Um aspecto que faltou ser ressaltado no livro é a conecção
literatura/leitor, pois durante a história percebemos diversos temas que
tratam do perigo dos livros. Como no livro de Cervantes em que o personagem
Dom Quixote se deixa influenciar pelos livros de cavalaria e foram
considerados "coisa do demônio" pelo cura sendo estes queimados ou a
exemplo de Madame Bovary de Flaubert que apresenta a protagonista Ema como
uma leitora de romances que através deles foge da realidade que por vezes
parece ser tão difícil. Nesses dois casos vemos a leitura de livros como
uma atividade perigosa e que os escritores em suas respectivas épocas
questionaram a seu modo o tal "prazer" da leitura.
O livro Biblioteca estaria mais completo se tivesse utilizado essas
perspectivas literárias, mas talvez não estivesse na proposta do autor
tratar deste contexto, o que é uma pena, pois seria interessantee um bom
incentivo para o iniciante se interessar por livros de literatura. Porém, o
autor trata também de incertezas quando trata do período em que ocorreu a
revolução tecnológica e a expansão e utilização da internet por usuários
caseiros.

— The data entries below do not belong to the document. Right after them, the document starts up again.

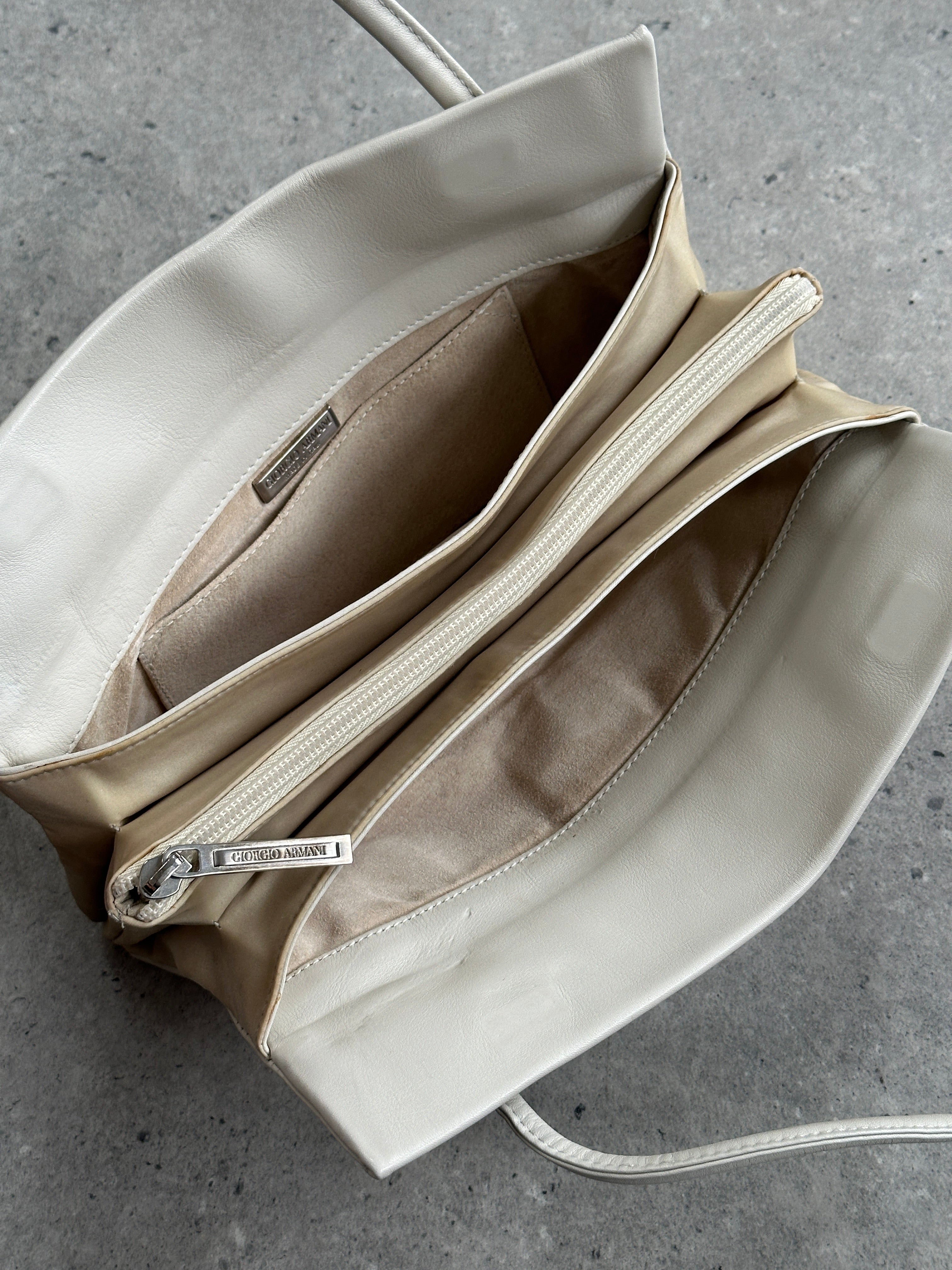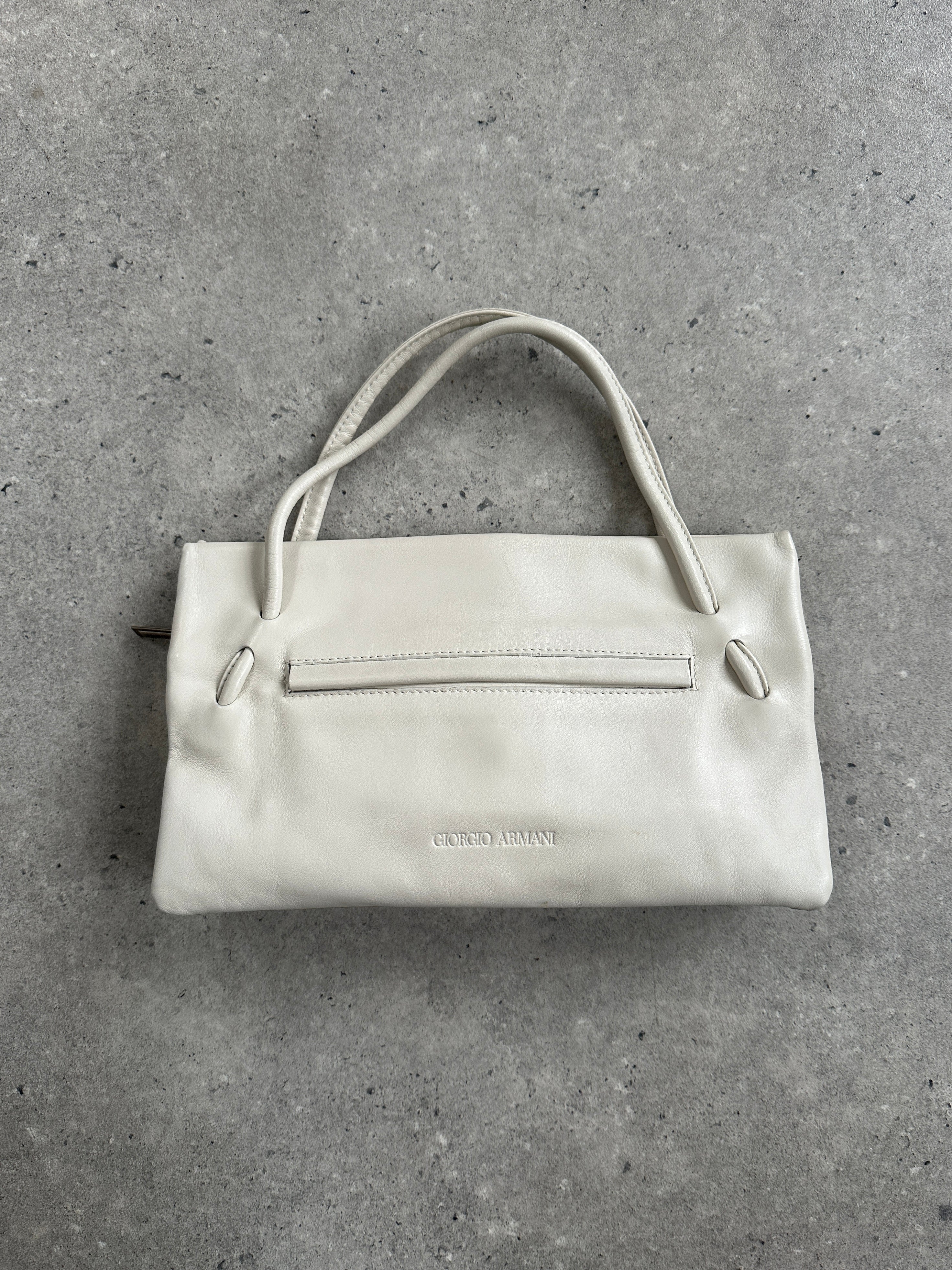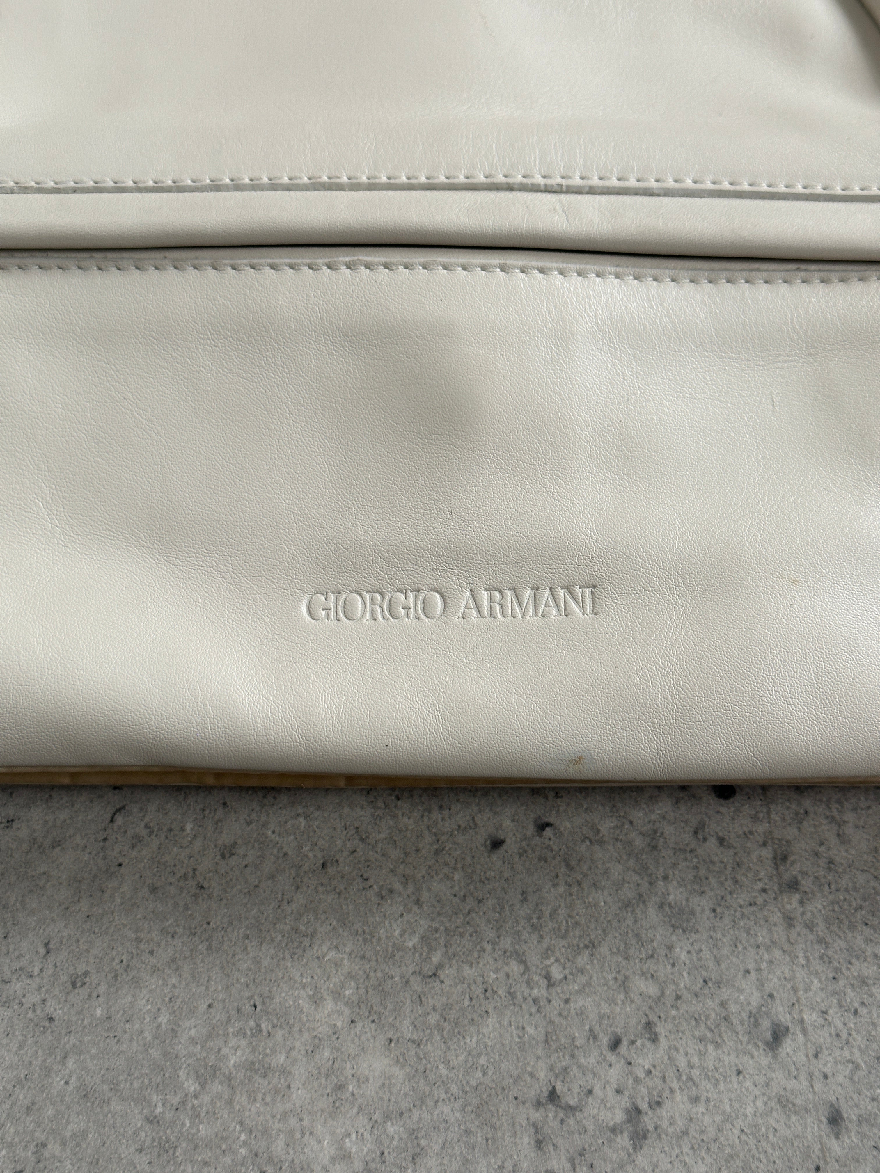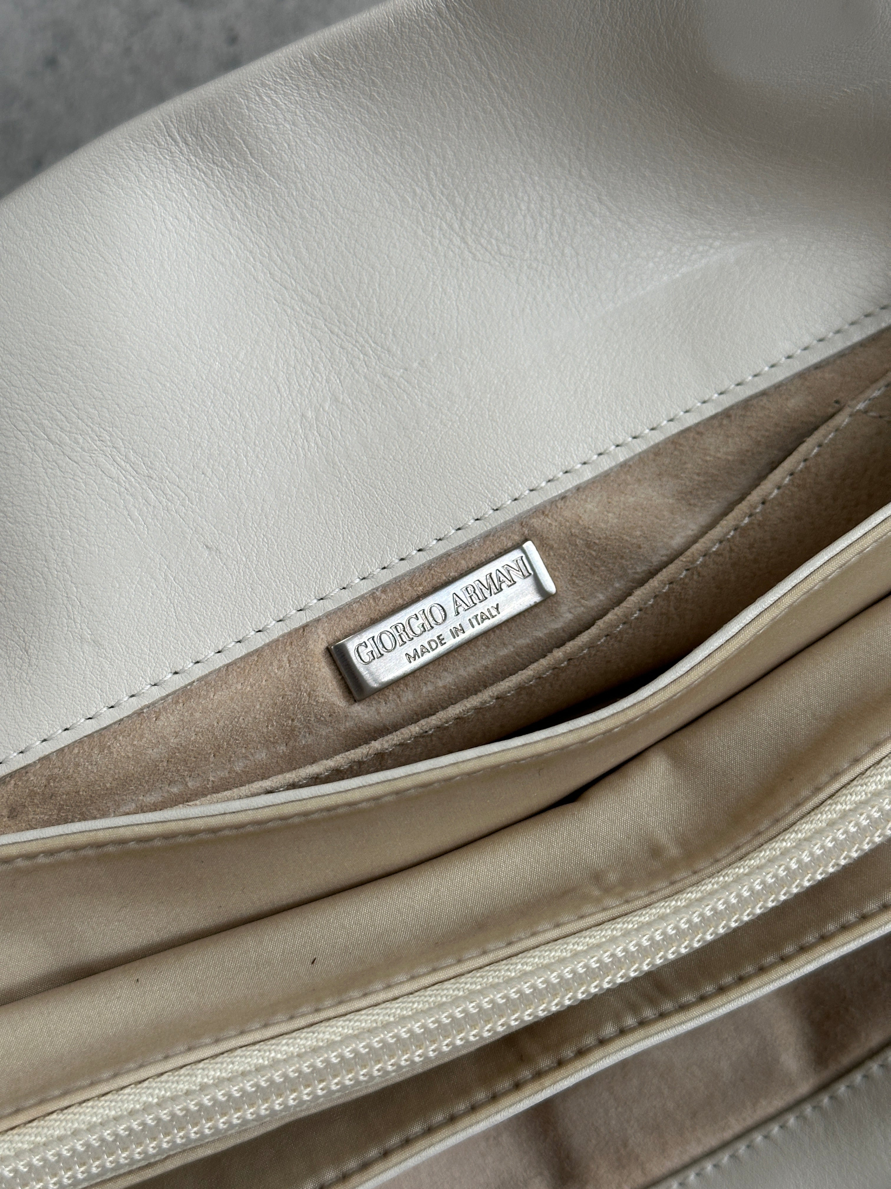 Vintage Giorgio Armani Le Collezioni 2000s ivory rectangular handbag crafted in supple Italian calf leather. Designed with integrated tubular handles, a suede-finish interior and subtle embossed branding. Includes a dust bag.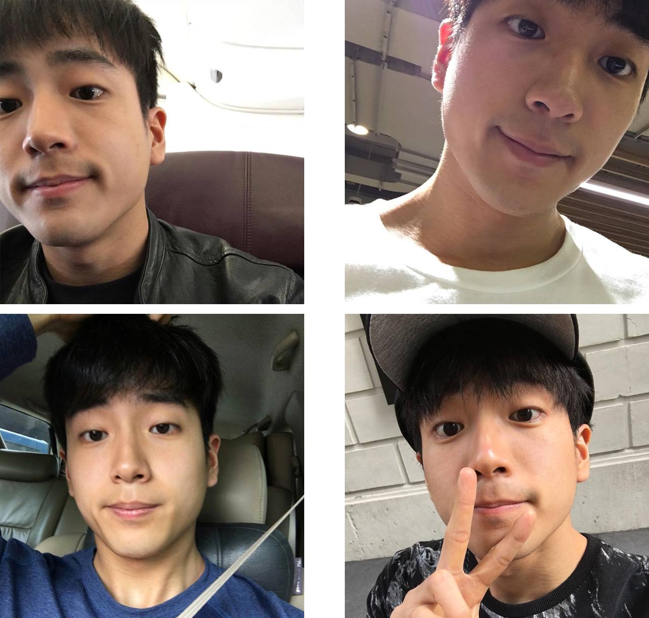 他的自拍也很雷同,每一张都是迷の直男角度,瞪大眼睛抿嘴微笑。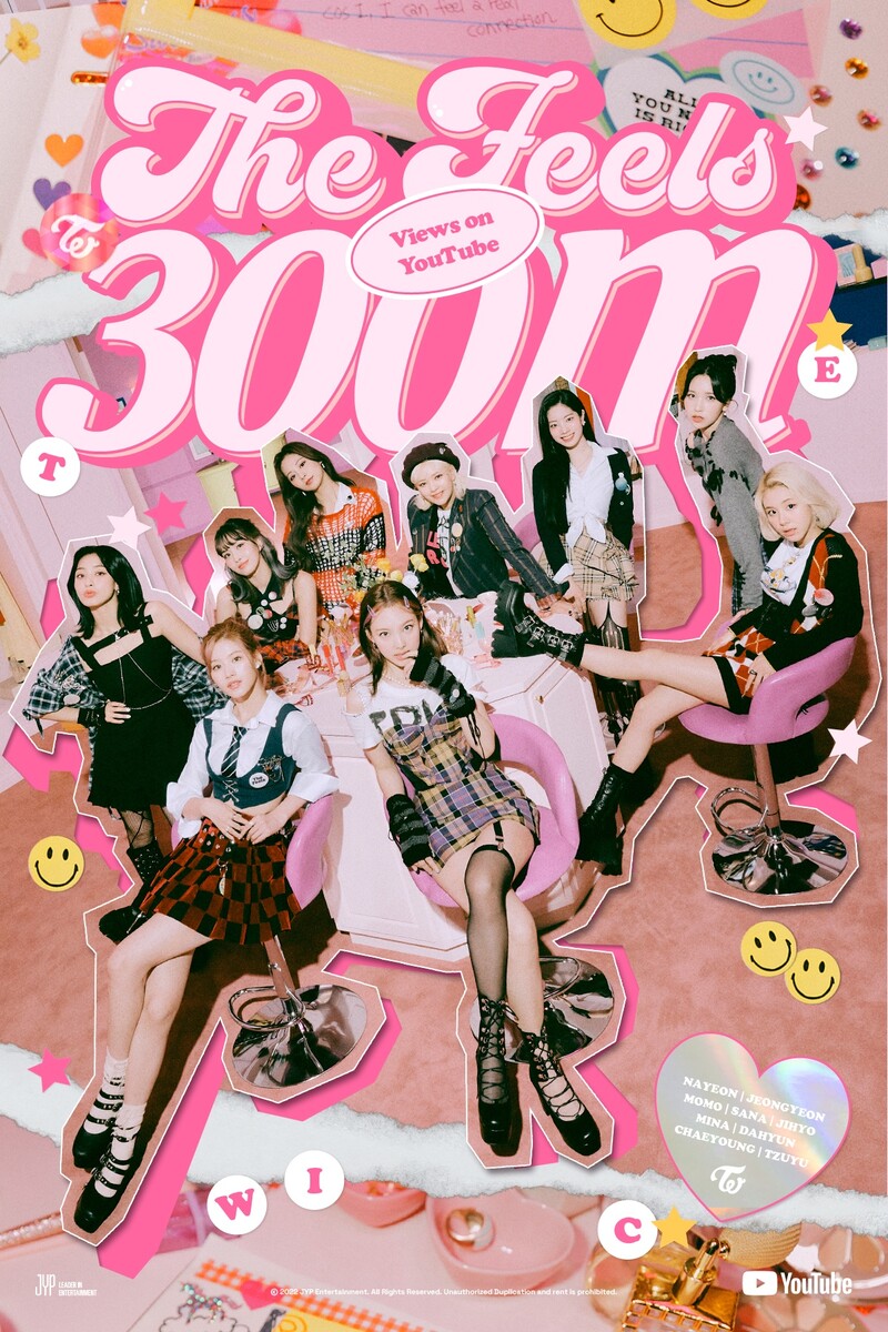 This poster provided by JYP Entertainment indicates Twice's music video of "The Feel" successfully exceeded total of 300 million YouTube views.
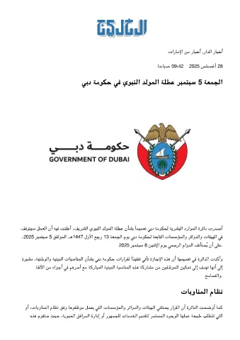 ،2025 ﺮﺒﻤﺘﺒﺳ 5 ﻖﻓاﻮﻤﻟا ،ـﻫ1447 لوﻷا ﻊﻴﺑر 13 ﺔﻌﻤﺠﻟا مﻮﻳ ﺑد ﺔﻣﻮﺤﻟ ﺔﻌﺑﺎﺘﻟا تﺎﺴﺳﺆﻤﻟاو ﺮﺋاوﺪﻟاو تﺎﺌﻴﻬﻟا ﻓ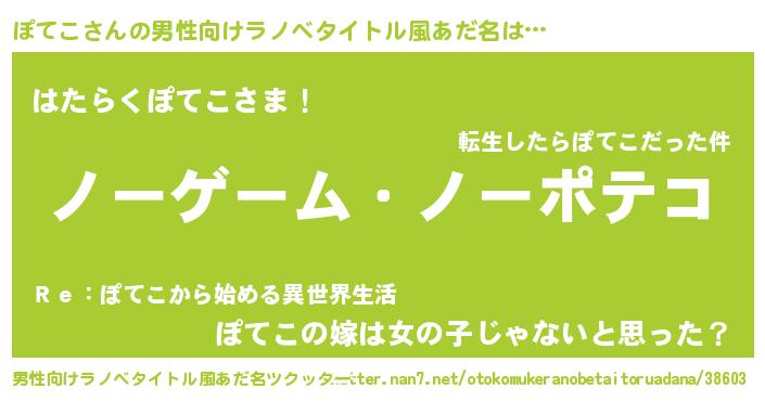 | 女子向けラノベタイトル風あだ名 | 『ぽてこ恋絵巻』『首の姫と首なしぽてこ』 |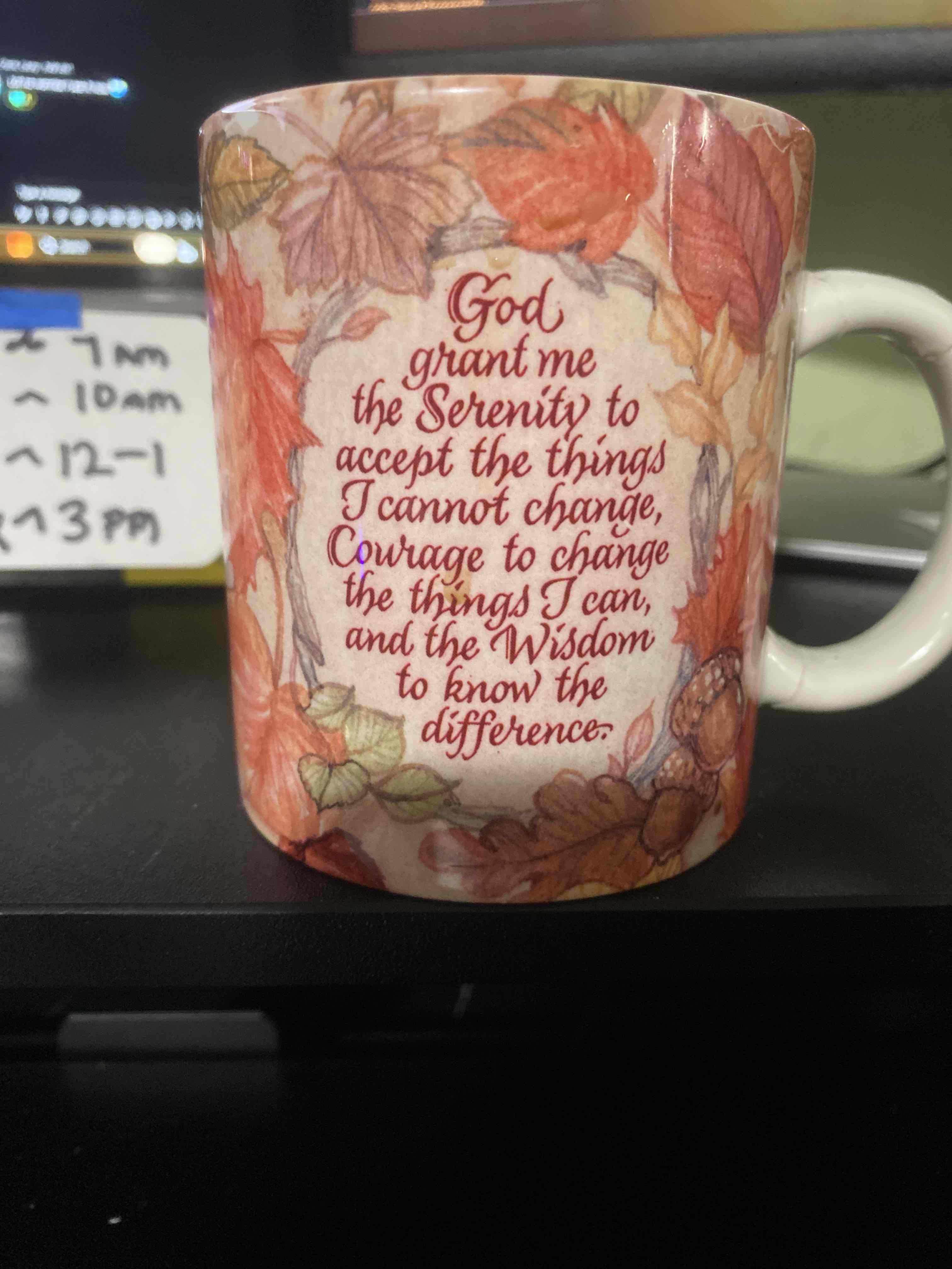 Despite the serenity prayer being, well a religious prayer, if I drop the "god" and say it like a mantra, it becomes just that, a mantra. An affirmation or reminder on how to handle things on the fly, in the moment, throughout the day. That, I can dig.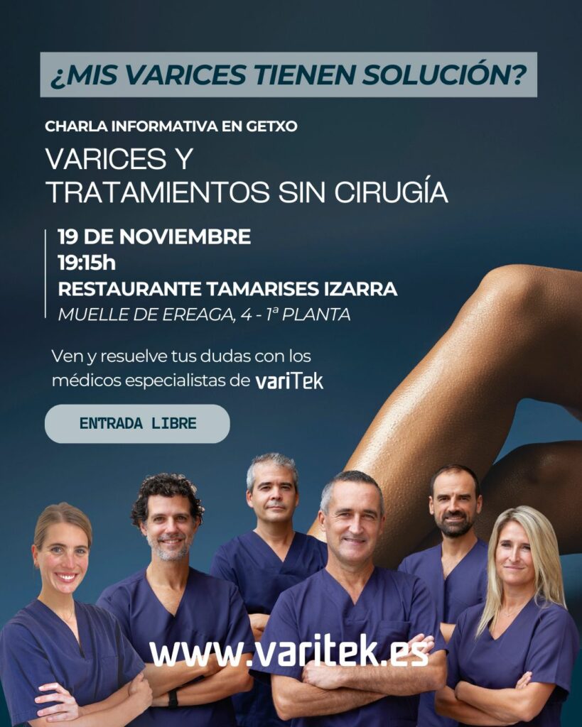 Este próximo miércoles, 19 de noviembre, a las 19:15 horas en el Tamarises Izarra, con entrada gratuita, se dará cita el equipo de médicos radiólogos intervencionistas de Varitek, con más de 20 años de experiencia en Osakidetza y más de 10 tratando varices sin cirugía.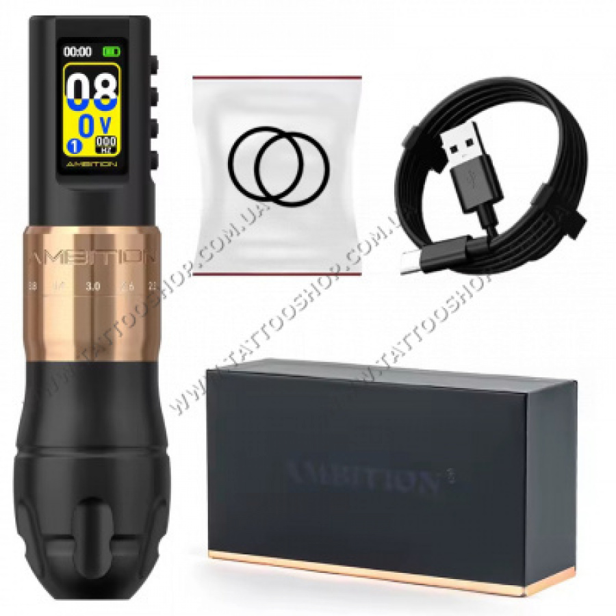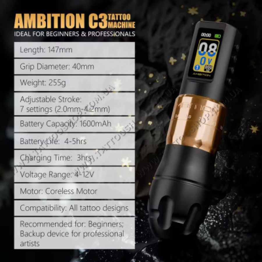 Ambition С3 Coreless Motor 7- це високоякісна татуювальна машинка від компанії Ambition, виготовлена з алюмінієвого сплаву. Довжина - 147 мм, товщина - 40 мм, вага - 255 г. Вона має вишуканий зовнішній вигляд, зручна у триманні і збалансована за вагою. Супер функціонал по регулюванню ходу голки. 7 налаштувань - 2.0-2.3-2.6-3.0-3.4-3.8-4.2 мм. Виліт голки регулюється тримачем.

Nesta fase foram questionados o fim do livro e da biblioteca,
pois o acervo eletrônico da rede de computadores era muito maior do que
havia em uma biblioteca e isso causou um certo abalo na última década do
século XX, mas passado o choque inicial o livro e a biblioteca estão aí e
devem durar por muito tempo e o que conforta é que eles se transformaram e
mudaram tornando-se mais reais e tentando se adequar ao seu tempo e a sua
realidade, principalmente a biblioteca. A biblioteca avança para uma
transformação contínua, essa contribuição foi dada pela tão temida internet
e isso denota que a afirmação inicial de Milanesi de que a biblioteca não
acabou é mesmo uma verdade, ainda que em constante mudança.
Bibliografia
Milanesi, Luís. Biblioteca. Cotia: Ateliê Editorial, 2002.